*** Records shown ***
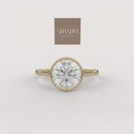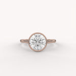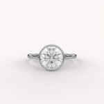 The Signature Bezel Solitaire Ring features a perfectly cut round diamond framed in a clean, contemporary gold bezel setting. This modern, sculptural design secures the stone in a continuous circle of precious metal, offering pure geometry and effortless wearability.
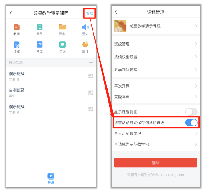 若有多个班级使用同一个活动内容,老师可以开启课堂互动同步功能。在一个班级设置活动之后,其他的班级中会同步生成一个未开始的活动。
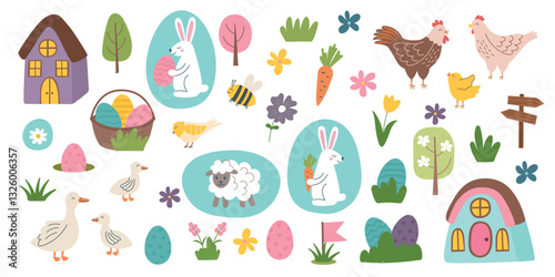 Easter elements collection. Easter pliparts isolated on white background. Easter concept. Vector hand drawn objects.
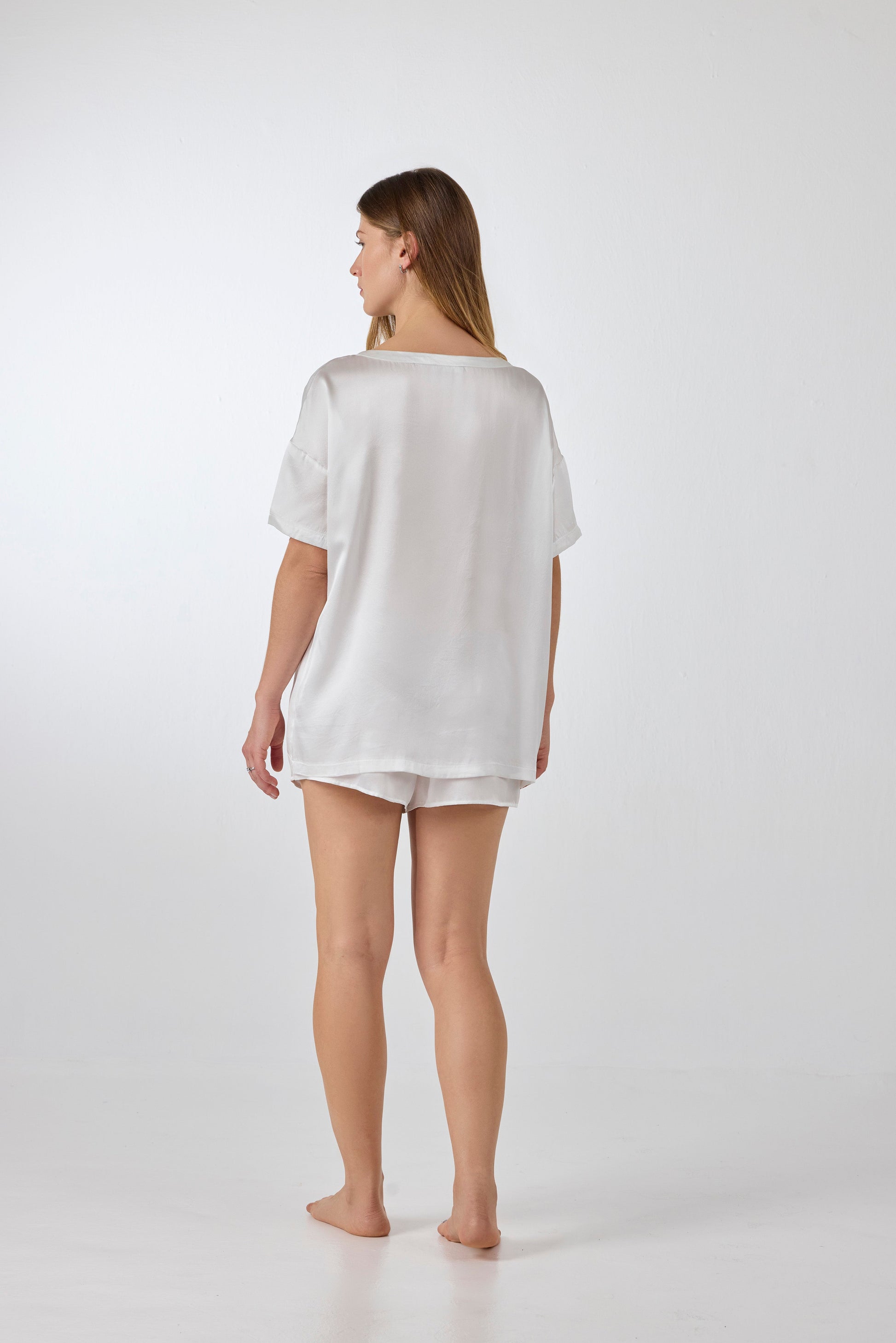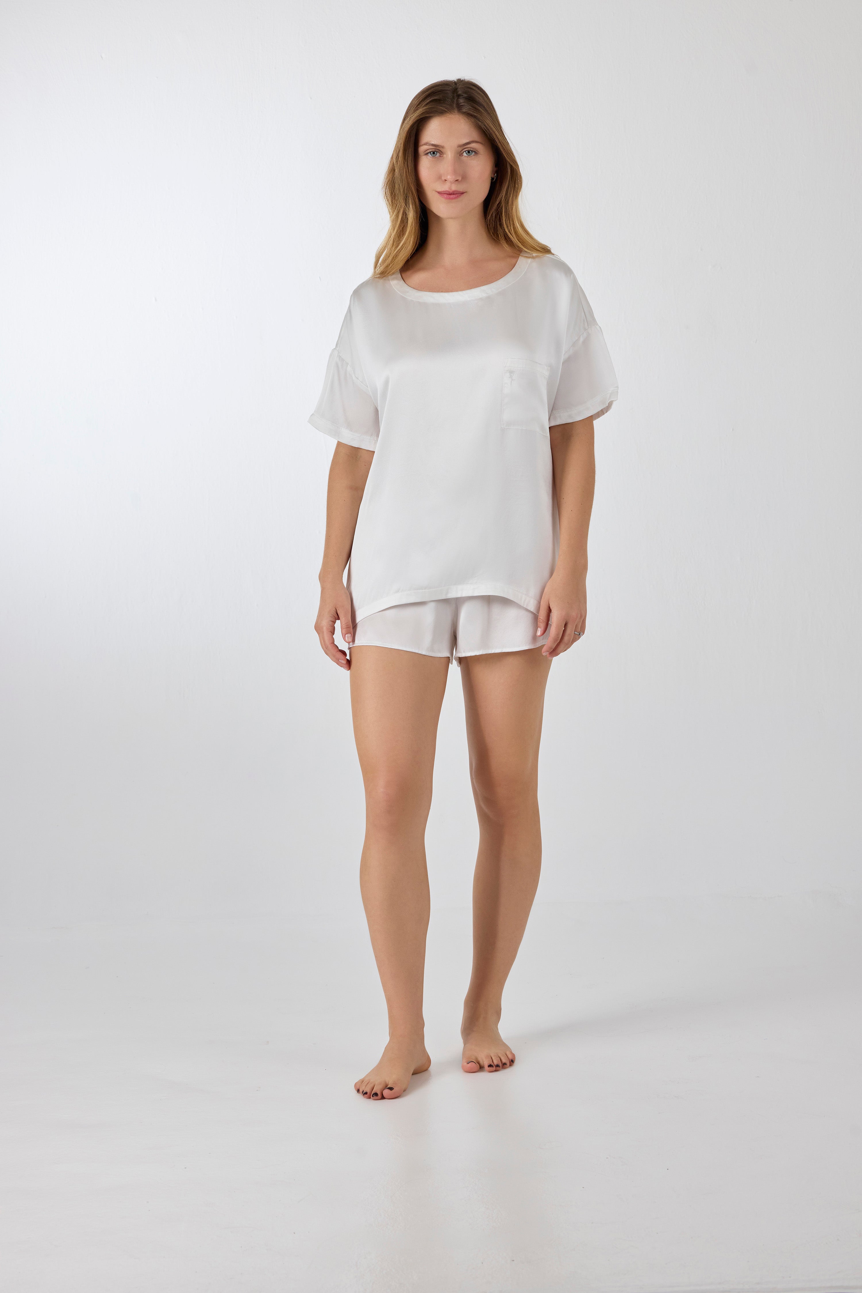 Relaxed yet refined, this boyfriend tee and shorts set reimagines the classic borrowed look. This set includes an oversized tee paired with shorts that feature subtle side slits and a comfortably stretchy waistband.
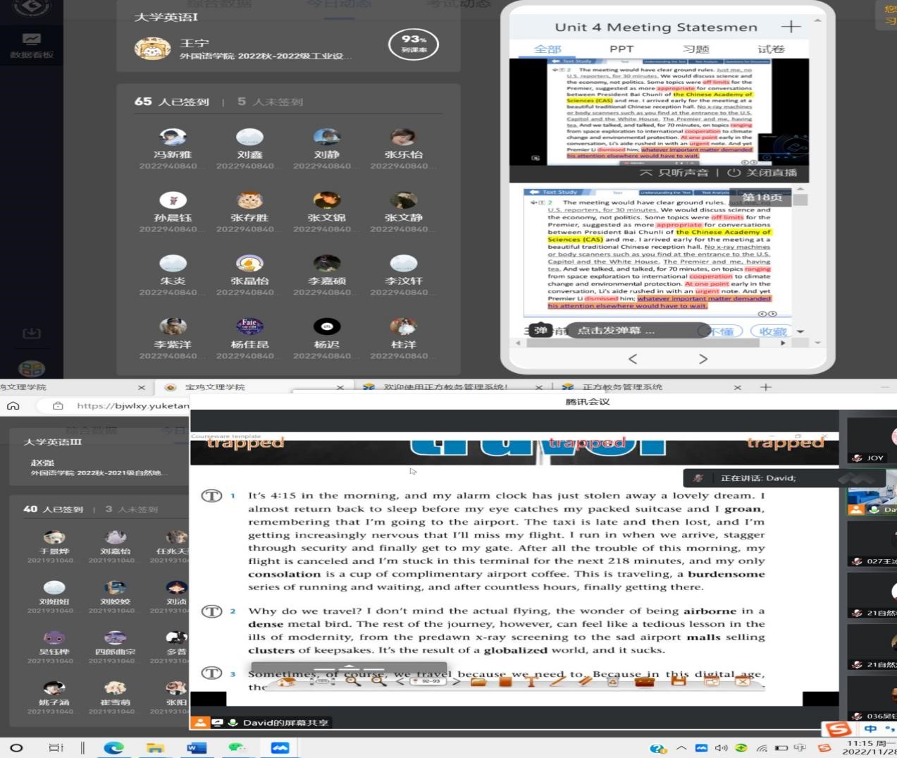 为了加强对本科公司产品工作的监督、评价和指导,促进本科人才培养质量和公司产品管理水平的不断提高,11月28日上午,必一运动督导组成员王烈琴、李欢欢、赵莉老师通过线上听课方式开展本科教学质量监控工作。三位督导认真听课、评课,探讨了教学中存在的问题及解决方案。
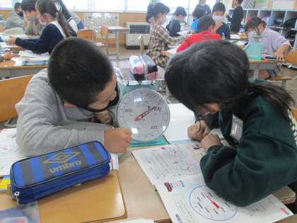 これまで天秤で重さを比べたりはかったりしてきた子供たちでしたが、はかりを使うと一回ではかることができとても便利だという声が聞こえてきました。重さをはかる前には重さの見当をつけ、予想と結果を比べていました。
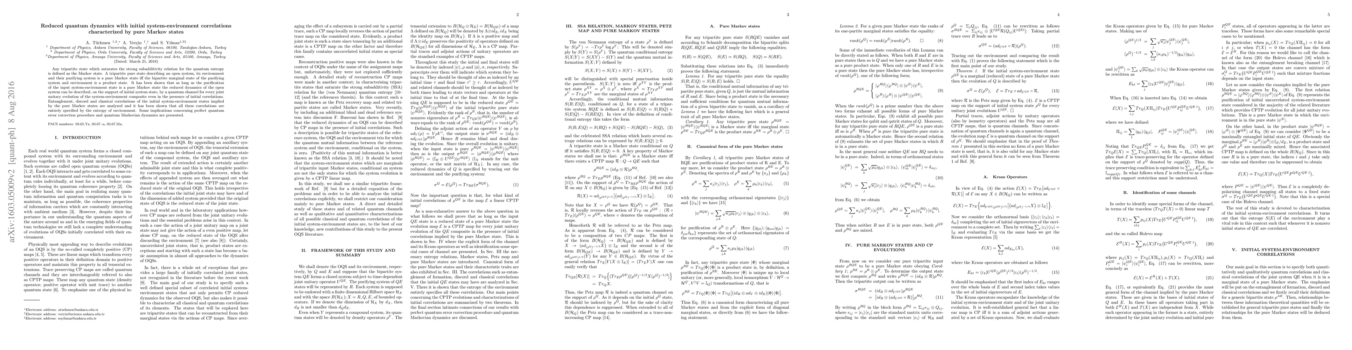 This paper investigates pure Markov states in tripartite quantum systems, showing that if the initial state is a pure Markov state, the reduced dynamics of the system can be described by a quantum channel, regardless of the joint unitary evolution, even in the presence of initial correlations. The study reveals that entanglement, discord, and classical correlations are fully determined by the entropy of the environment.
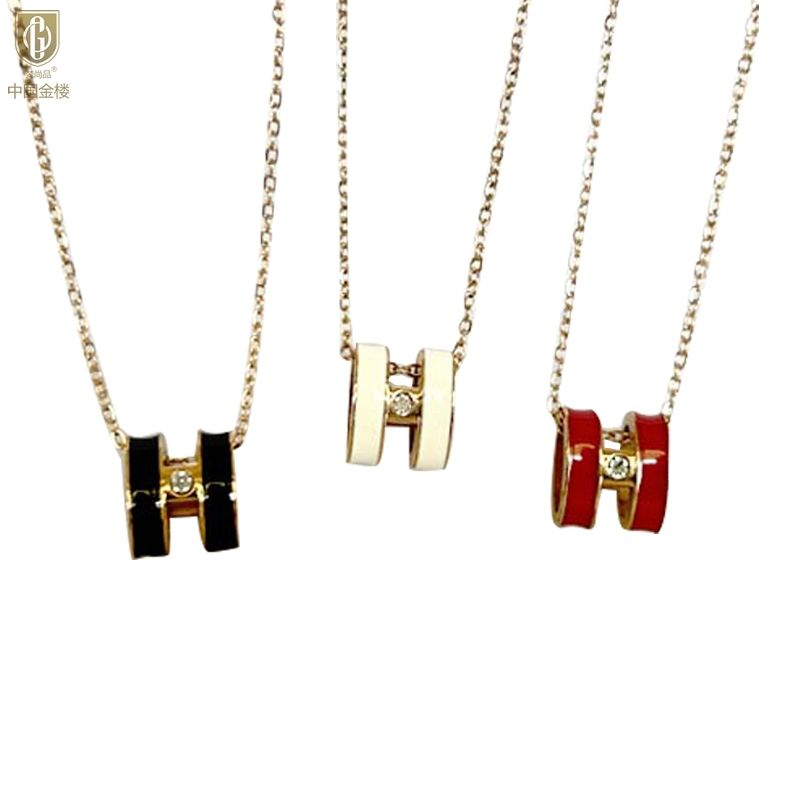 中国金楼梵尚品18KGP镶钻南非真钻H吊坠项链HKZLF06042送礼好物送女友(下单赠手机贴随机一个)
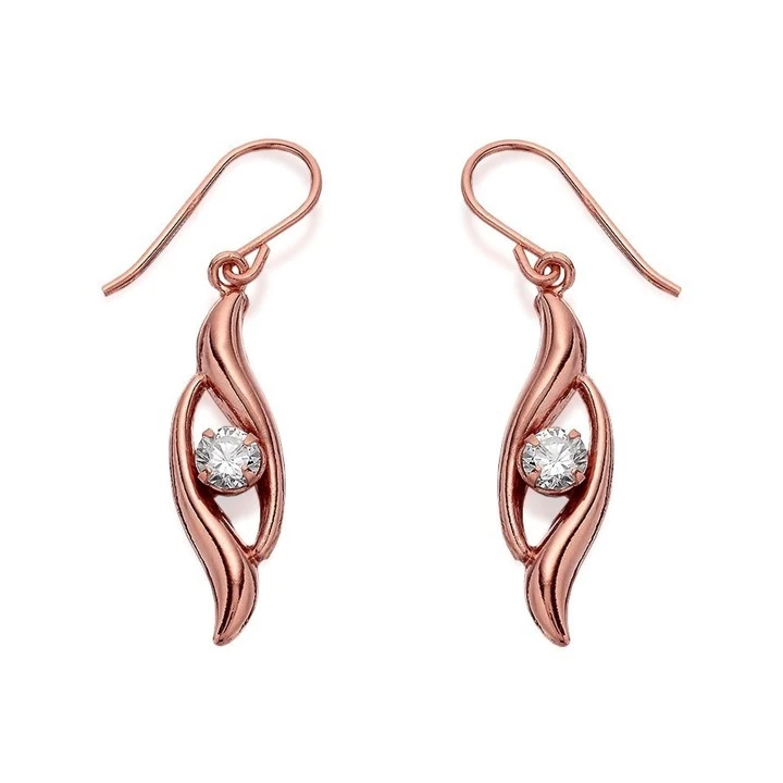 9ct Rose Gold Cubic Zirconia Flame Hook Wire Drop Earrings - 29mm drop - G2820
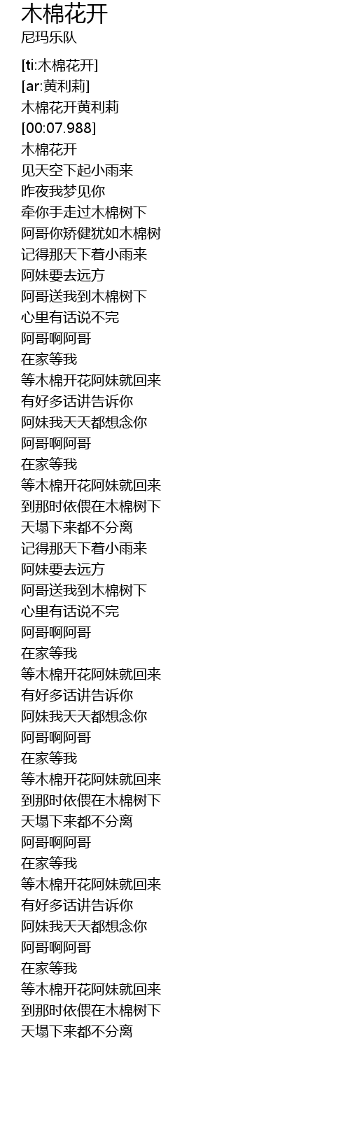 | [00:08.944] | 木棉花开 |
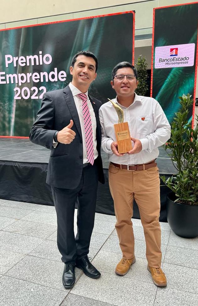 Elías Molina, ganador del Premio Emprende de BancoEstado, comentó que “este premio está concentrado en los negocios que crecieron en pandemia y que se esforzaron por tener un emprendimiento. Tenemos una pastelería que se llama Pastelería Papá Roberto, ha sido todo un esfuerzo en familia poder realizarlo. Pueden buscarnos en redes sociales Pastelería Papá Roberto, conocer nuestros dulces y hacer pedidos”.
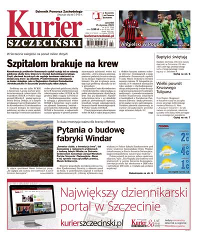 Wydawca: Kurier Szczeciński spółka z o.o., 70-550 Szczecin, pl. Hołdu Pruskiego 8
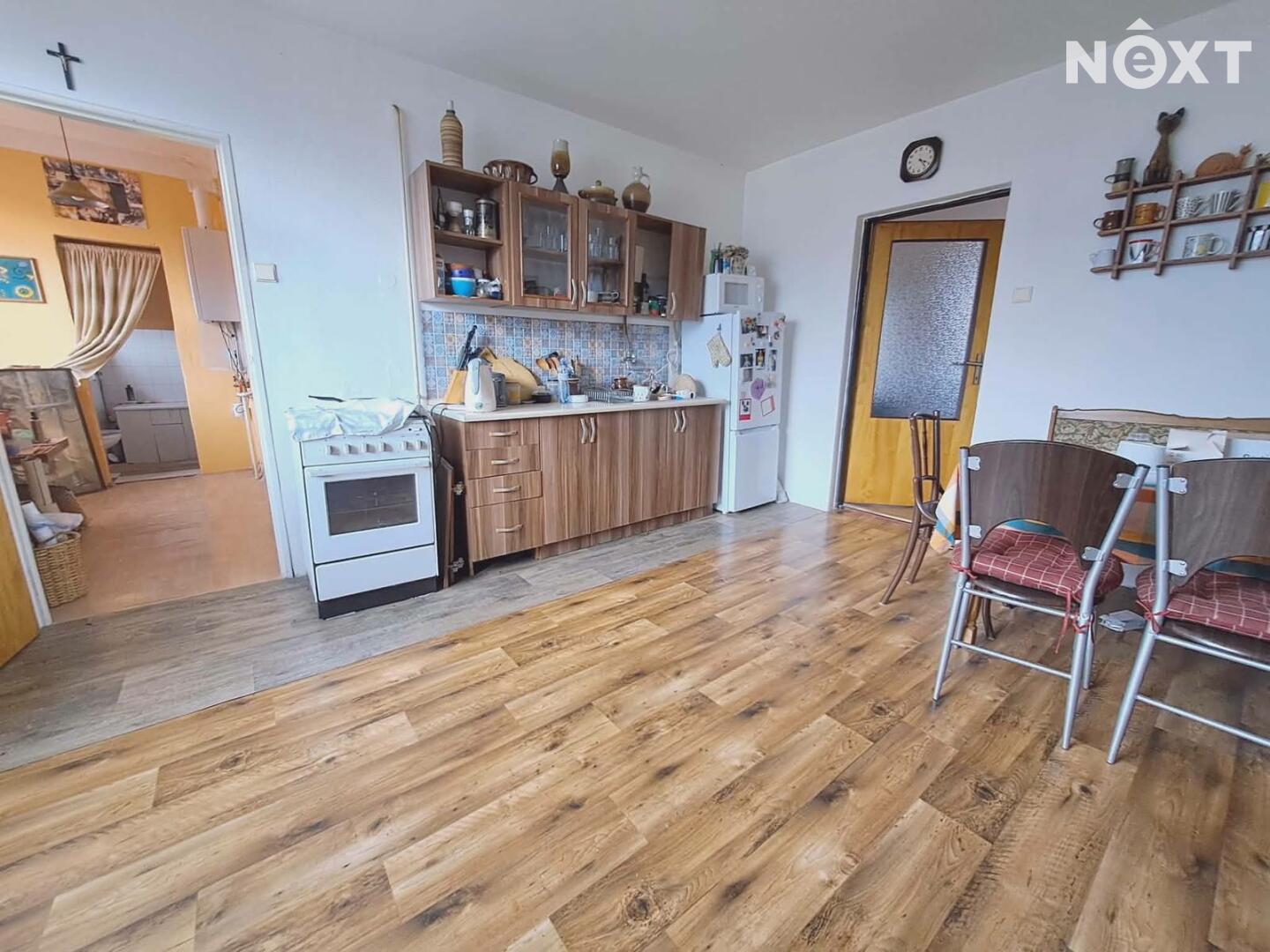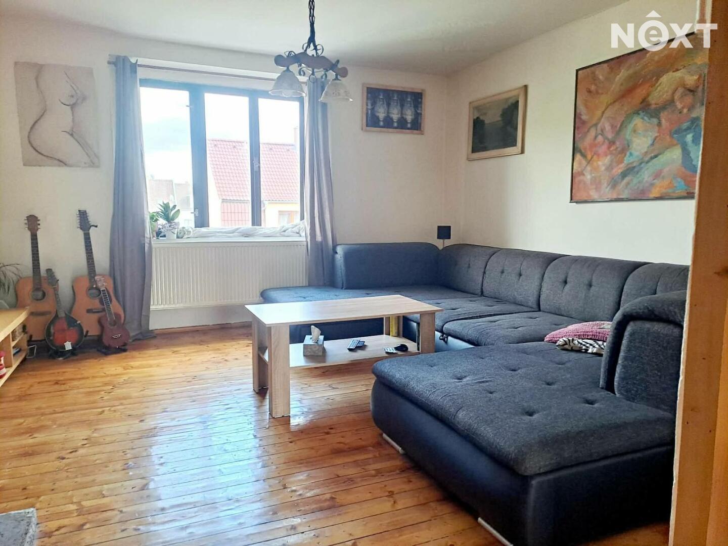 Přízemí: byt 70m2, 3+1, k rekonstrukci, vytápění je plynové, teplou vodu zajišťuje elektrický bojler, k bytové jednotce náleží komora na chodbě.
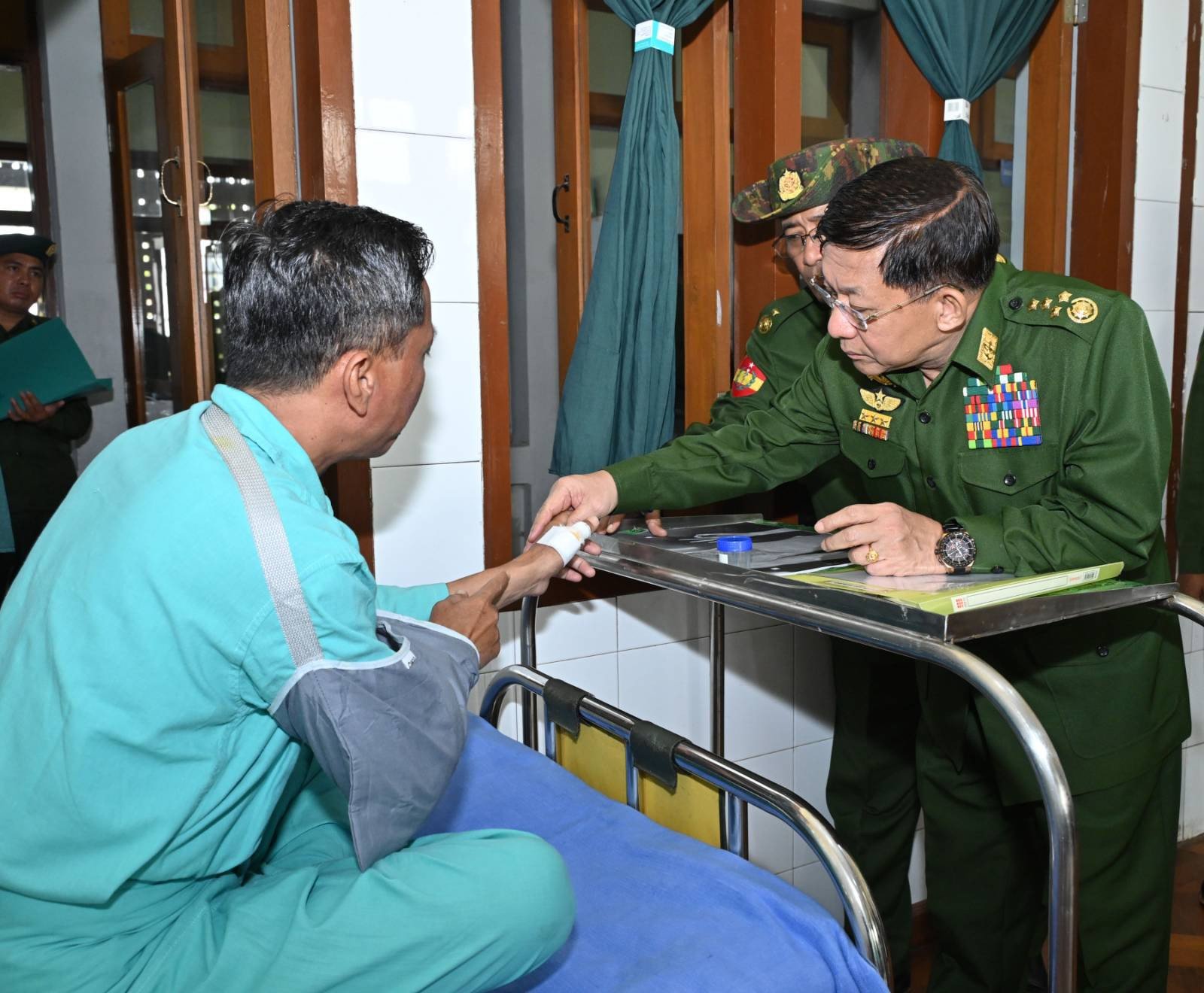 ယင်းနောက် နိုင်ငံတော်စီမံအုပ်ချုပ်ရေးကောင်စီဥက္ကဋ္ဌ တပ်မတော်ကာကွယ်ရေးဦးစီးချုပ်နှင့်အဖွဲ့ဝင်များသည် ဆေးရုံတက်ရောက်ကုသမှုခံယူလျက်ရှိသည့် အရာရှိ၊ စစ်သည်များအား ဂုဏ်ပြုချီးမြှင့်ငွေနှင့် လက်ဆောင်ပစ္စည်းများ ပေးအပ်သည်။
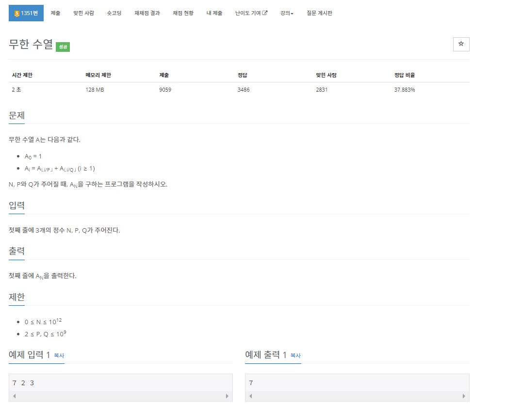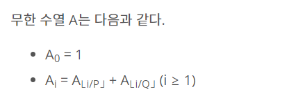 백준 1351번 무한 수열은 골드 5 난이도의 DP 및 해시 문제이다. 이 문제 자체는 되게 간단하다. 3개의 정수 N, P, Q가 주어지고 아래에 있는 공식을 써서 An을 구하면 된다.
*** End of Records shown ***
**Directions for this task**
Working from the records above, set down word for word everything from the line containing "Přízemí: byt 70m2, 3+1, k" down to the line containing "ဂုဏ်ပြုချီးမြှင့်ငွေနှင့် လက်ဆောင်ပစ္စည်းများ ပေးအပ်သည်။", ends included, minus the pictures.

**Final answer**
 Přízemí: byt 70m2, 3+1, k rekonstrukci, vytápění je plynové, teplou vodu zajišťuje elektrický bojler, k bytové jednotce náleží komora na chodbě.
 ယင်းနောက် နိုင်ငံတော်စီမံအုပ်ချုပ်ရေးကောင်စီဥက္ကဋ္ဌ တပ်မတော်ကာကွယ်ရေးဦးစီးချုပ်နှင့်အဖွဲ့ဝင်များသည် ဆေးရုံတက်ရောက်ကုသမှုခံယူလျက်ရှိသည့် အရာရှိ၊ စစ်သည်များအား ဂုဏ်ပြုချီးမြှင့်ငွေနှင့် လက်ဆောင်ပစ္စည်းများ ပေးအပ်သည်။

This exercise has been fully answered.